Methods: This retrospective study included adult patients with advanced or metastatic solid tumors who received trametinib, everolimus, or palbociclib plus other therapies as a part of novel combinations between December 2011 and July 2018 at the University of California San Diego. Patients were excluded if they received trametinib, everolimus, or palbociclib in standard combinations, such as dabrafenib plus trametinib, everolimus plus fulvestrant, everolimus plus letrozole, and palbociclib plus letrozole. Dosing and adverse events were determined through a review of the electronic medical records. A safe, tolerable drug combination dose was defined as being tolerated for at least 1 month, with no clinically significant serious adverse events.
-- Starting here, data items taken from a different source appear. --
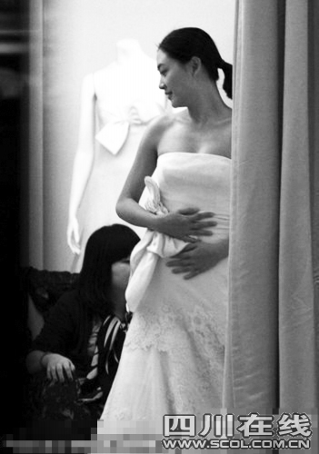 當(dāng)日,應(yīng)采兒先試穿了一件大露背簡約設(shè)計拖地白禮服,新娘姿態(tài)立即顯現(xiàn),由于裙擺過長,大約四五個助理及店員蹲在地上,為陳太太整理禮服。應(yīng)采兒對著鏡子反復(fù)照看,又俯身翻看擺在桌上的圖冊,進(jìn)試衣間換上第二套。同樣是簡潔大方的經(jīng)典設(shè)計款,腰間的綠色綢緞腰封更顯身材,應(yīng)采兒的表情顯示她更青睞這一套,對著鏡子陶醉半天,不停轉(zhuǎn)身,從各個角度欣賞鏡中的自己,笑容也愈發(fā)燦爛,遠(yuǎn)遠(yuǎn)看去就像一個即將踏入婚姻殿堂的普通女孩,一臉幸福。最后應(yīng)采兒換上第三套香檳色深V小禮服,優(yōu)雅的設(shè)計和顏色同樣很襯托應(yīng)采兒的膚色,三件禮服各有千秋,應(yīng)采兒卻相當(dāng)有主見,很快選擇其中一套,滿載而歸,步出店外時應(yīng)采兒同店員告別,心情越發(fā)燦爛。據(jù)悉,這個品牌的婚紗價格不菲,一套婚紗的價格大約在8000美金到12000美金之間,最貴的能買下一輛名車,但憑借過硬的品質(zhì)和永遠(yuǎn)不出錯的設(shè)計,依舊讓全世界的明星們趨之若鶩。珍妮弗·洛佩茲,莎朗·斯通等好萊塢明星都是她的忠實擁躉,劉嘉玲不丹大婚時,亦身著的是該品牌婚紗。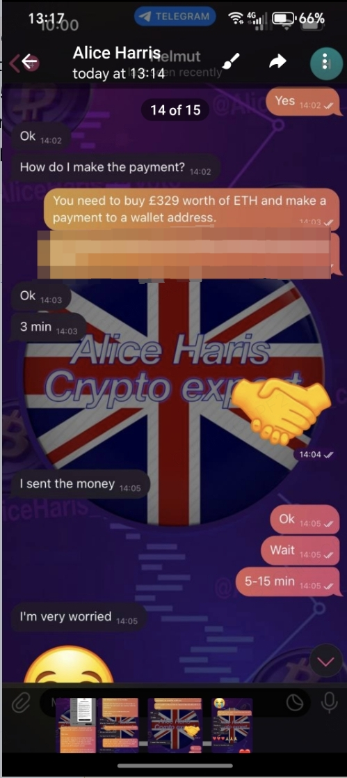 Action: User sends cryptocurrency believing it’s an investment.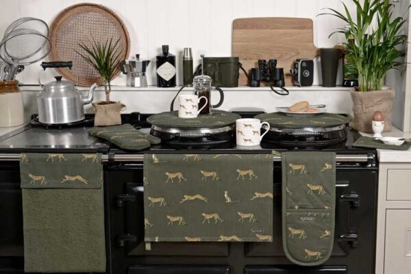 A practical kitchen gauntlet, covered in stunning cheetahs on a forest green background. A lovely gift for wildlife lovers – particularly those who are AGA owners, too.
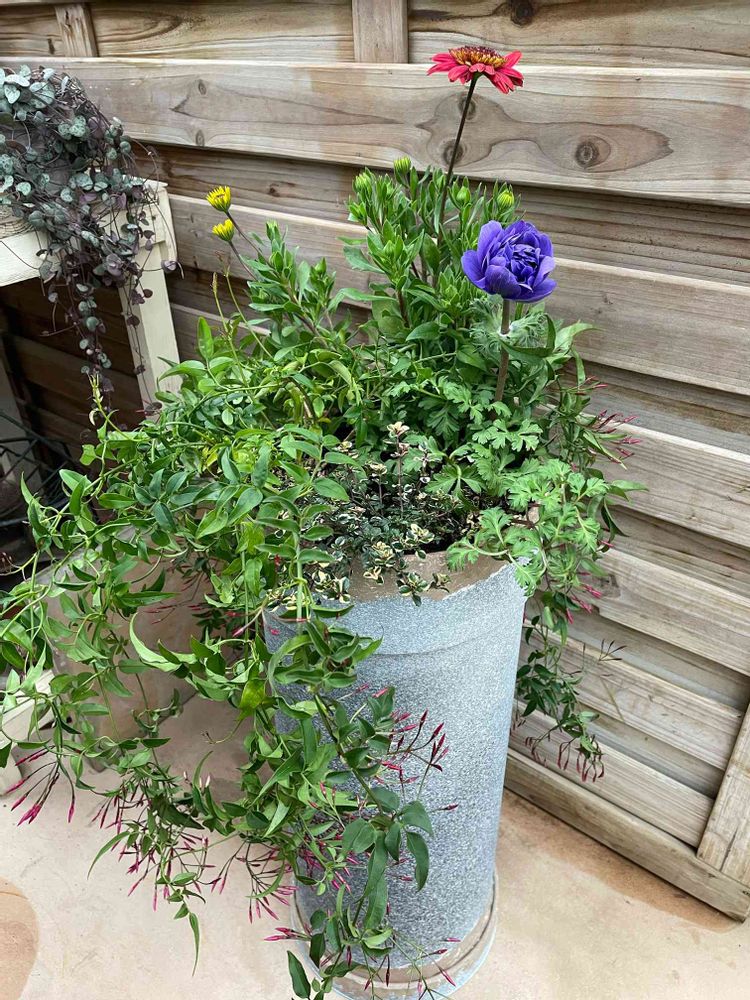 わぁー垂れ下がったジャスミンがとっても素敵な寄せ植えですね😃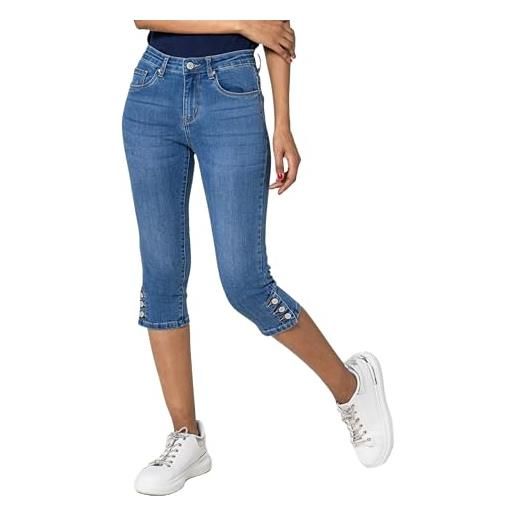 Nina Carter p516 pantaloni capri slim fit jeans a vita alta, estivi, blu scuro (p516-2), l szczupły
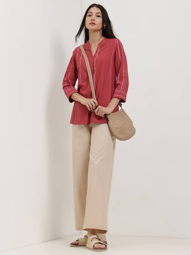 Subtle in shades of maroon and pink, this striped top is flattering and effortless. Wear it tucked in or out with denims, skirts, and minimal accessories.

Results: A safe, tolerable dose was determined for 76% of the 71 patients who received trametinib, 88% of the 48 patients who received everolimus, and 73% of the 41 patients receiving palbociclib when used in combination with other therapies. For patients with clinically significant adverse events, dose reductions were attempted in 30% of the trametinib recipients, in 17% of everolimus recipients, and in 45% of palbociclib recipients. When used in combination with other therapies, the optimal dosing of trametinib, palbociclib, and everolimus was lower than the standard single-agent dosing: it was 1 mg daily for trametinib; 5 mg daily for everolimus; and 75 mg daily, for 3 weeks on and 1 week off for palbociclib. Of note, everolimus could not be given concomitantly with trametinib at these doses.
Conclusion: Safe and tolerable dosing of novel combination therapies that includes trametinib, everolimus, or palbociclib is feasible for a precision medicine approach. However, neither results from this study nor results from previous studies could support the use of everolimus in combination with trametinib, even at reduced doses.